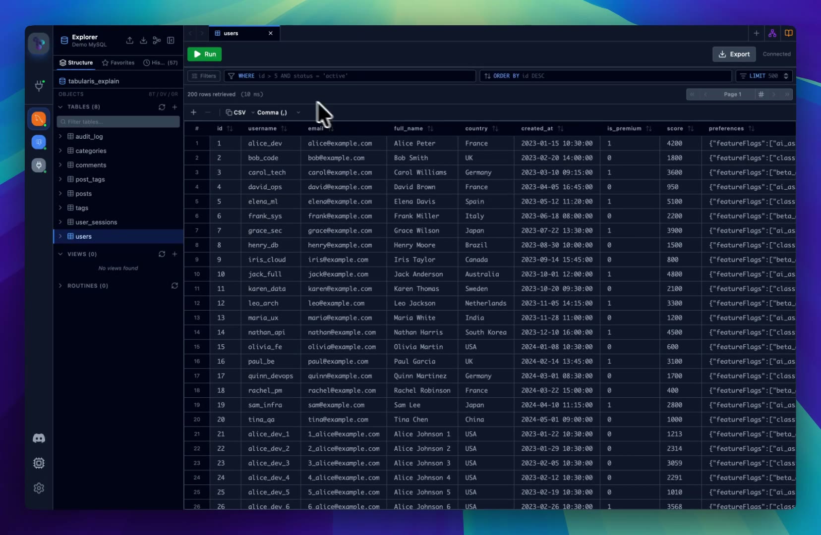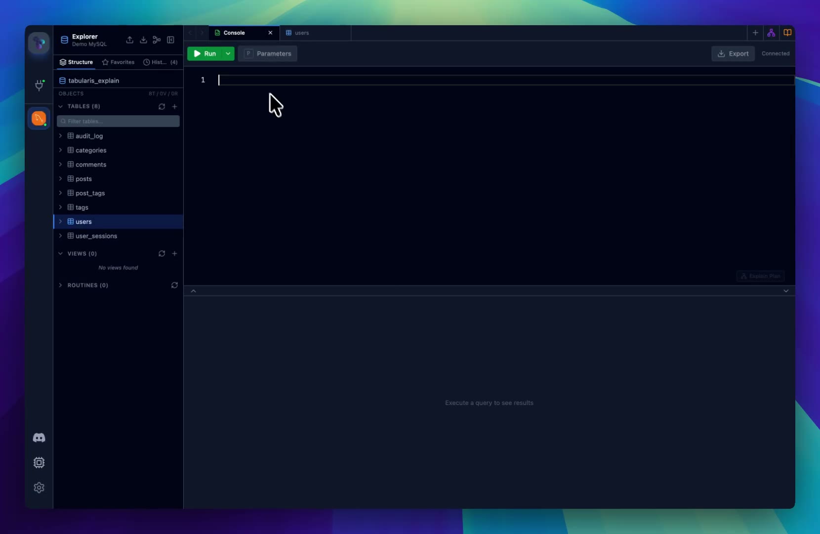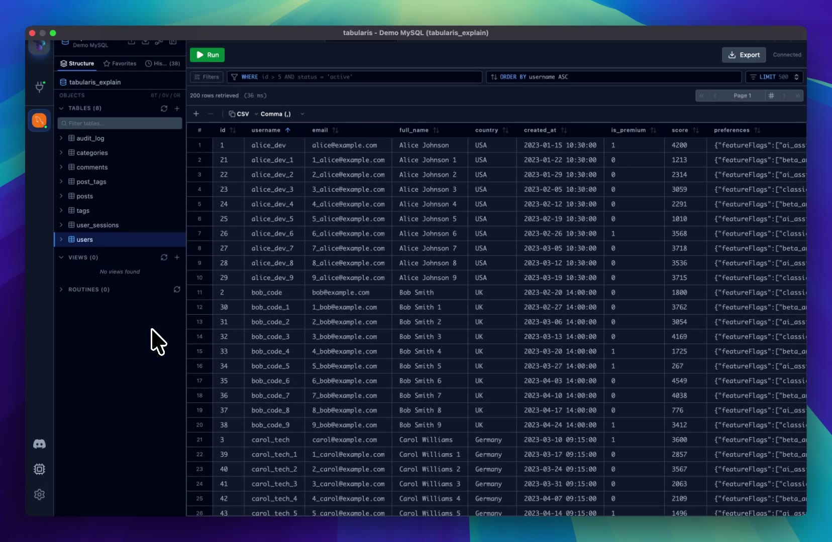 DemoModern SQL Editor WorkflowSee how the SQL editor, result grid, execution controls, and query workflow fit together inside Tabularis.
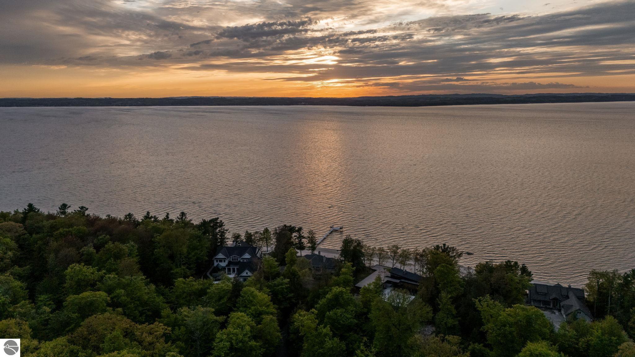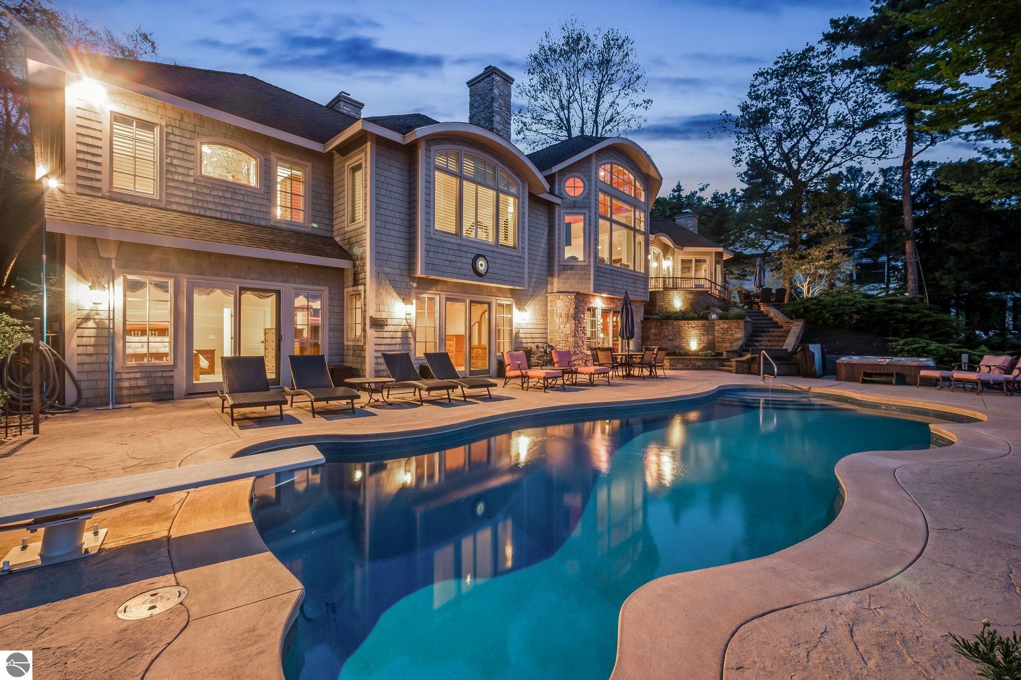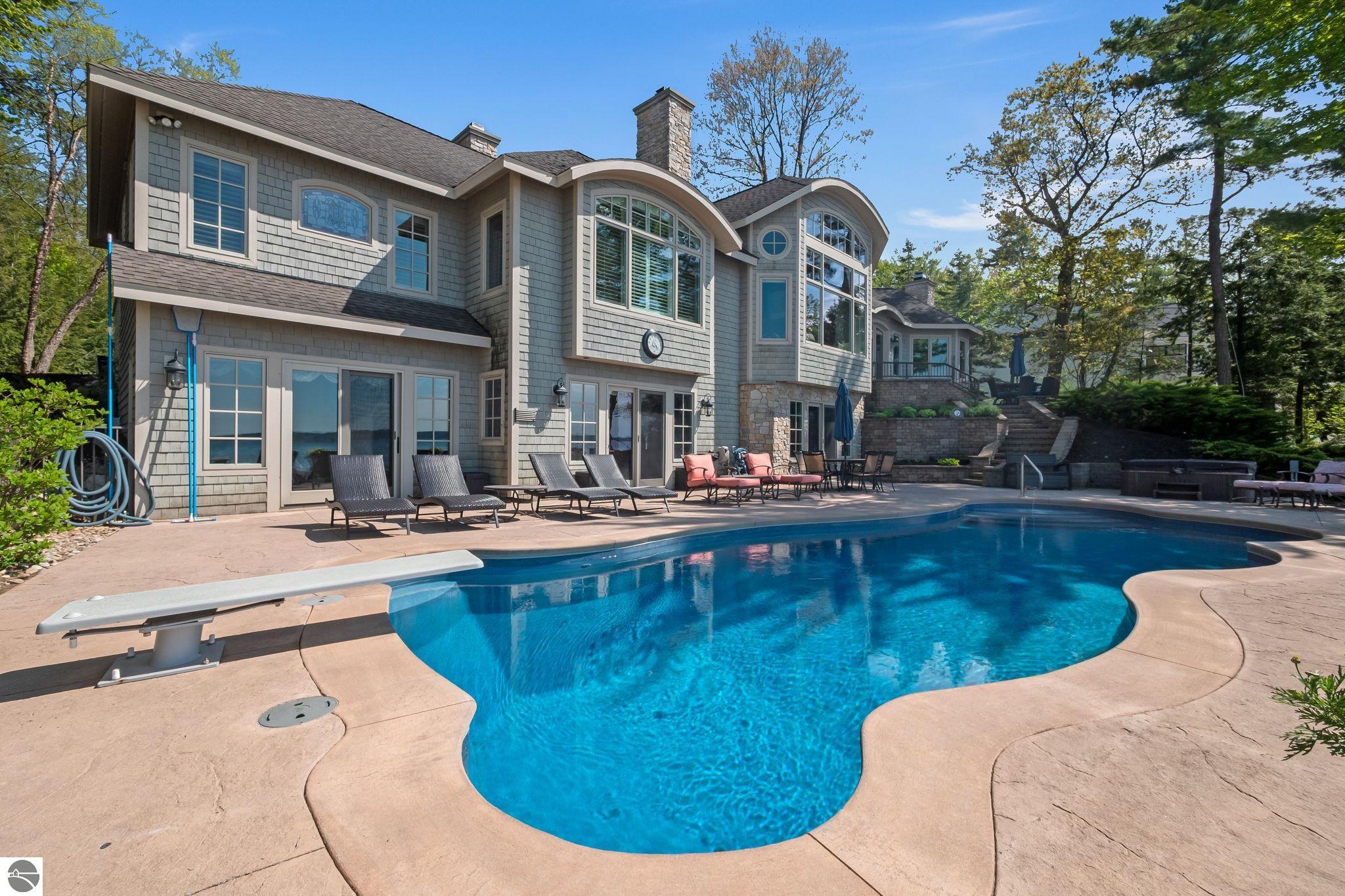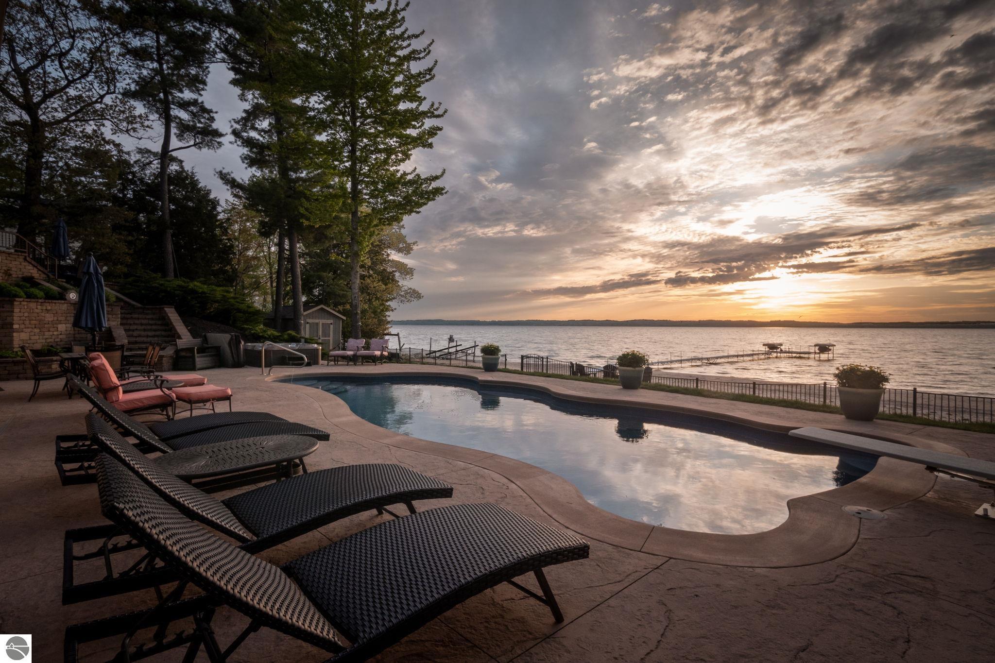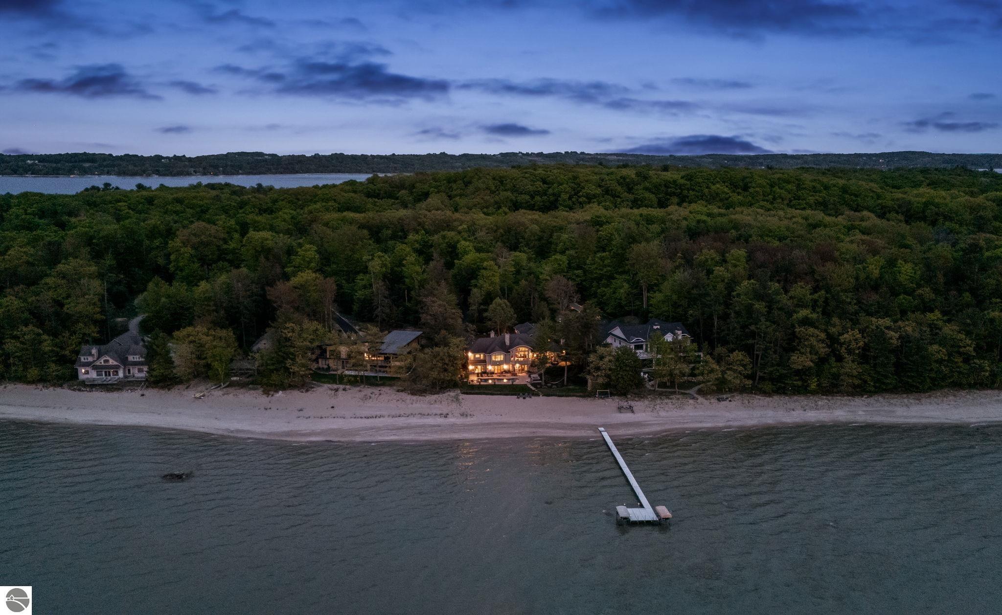 The name says it all-Beautiful Shores. This extraordinary property offers 150' of private West Grand Traverse Bay frontage with a beautiful sandy beach and sweeping west-facing views of Power Island and unforgettable sunsets. A true reflection of everything Traverse City has to offer. Set on an acre with incredible privacy, this 6300-square-foot Craftsman-style home was built by one of the areas top builders and exudes warmth, quality and character throughout. With four very sizable bedrooms, ensuites in the lower level and a jaw dropping master bath on the main floor the layout is functional and inviting. The closet space in this home is exceptional with solid built-ins in each of them. The heart of the home is a gourmet kitchen quipped with high-end appliances and top of the line timeless cabinetry. Just off the kitchen prepare to be in love with this thoughtfully designed multi-purpose mudroom, laundry room and a dedicated homework zone-perfect for the busy family. The lower level has a second laundry room, workout room and wet bar along with a comfortable and inviting family living space. Enjioy the ease of the elevator that goes to all three floors for convenience and generational assistance. "Above the garage, a private guest apartment-perfect for visiting family or in-laws, offers a full kitchenette, a spa like bath, and elevator access. A quiet space to make coffee, unwind and recharge after along day on the beach." Walls of windows flood the home with natural light and frame captivating views of the blue water. Outdoors, enjoy the lush, mature landscaping and a quiet, private drive with stone pillars-ready for a gate if added privacy is desired. A rare and coveted amenity: the added in-ground pool that overlooks West Bay, allowing you to swim and soak in the views. This once in a generation offering on one of Traverse City's most desirable shorelines. And those Sunsets!!!!
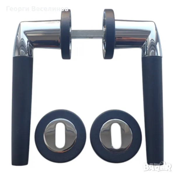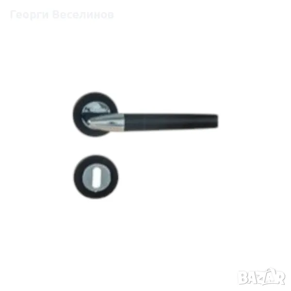 Дръжка за интериорна врата, Linea Bertomani, с черни дръжки и овални розетки с черни краища по външния диаметър. Изключително елегантна и стила, в същото време е видимо масивна. Много приятна при допир, за хващане. Идеална за модерен домашен интериор или официални офис помещения.

Requirement >> Word-for-word repeat, images excluded: return all the data.

Task answer >>
 DemoModern SQL Editor WorkflowSee how the SQL editor, result grid, execution controls, and query workflow fit together inside Tabularis.
 The name says it all-Beautiful Shores. This extraordinary property offers 150' of private West Grand Traverse Bay frontage with a beautiful sandy beach and sweeping west-facing views of Power Island and unforgettable sunsets. A true reflection of everything Traverse City has to offer. Set on an acre with incredible privacy, this 6300-square-foot Craftsman-style home was built by one of the areas top builders and exudes warmth, quality and character throughout. With four very sizable bedrooms, ensuites in the lower level and a jaw dropping master bath on the main floor the layout is functional and inviting. The closet space in this home is exceptional with solid built-ins in each of them. The heart of the home is a gourmet kitchen quipped with high-end appliances and top of the line timeless cabinetry. Just off the kitchen prepare to be in love with this thoughtfully designed multi-purpose mudroom, laundry room and a dedicated homework zone-perfect for the busy family. The lower level has a second laundry room, workout room and wet bar along with a comfortable and inviting family living space. Enjioy the ease of the elevator that goes to all three floors for convenience and generational assistance. "Above the garage, a private guest apartment-perfect for visiting family or in-laws, offers a full kitchenette, a spa like bath, and elevator access. A quiet space to make coffee, unwind and recharge after along day on the beach." Walls of windows flood the home with natural light and frame captivating views of the blue water. Outdoors, enjoy the lush, mature landscaping and a quiet, private drive with stone pillars-ready for a gate if added privacy is desired. A rare and coveted amenity: the added in-ground pool that overlooks West Bay, allowing you to swim and soak in the views. This once in a generation offering on one of Traverse City's most desirable shorelines. And those Sunsets!!!!
 Дръжка за интериорна врата, Linea Bertomani, с черни дръжки и овални розетки с черни краища по външния диаметър. Изключително елегантна и стила, в същото време е видимо масивна. Много приятна при допир, за хващане. Идеална за модерен домашен интериор или официални офис помещения.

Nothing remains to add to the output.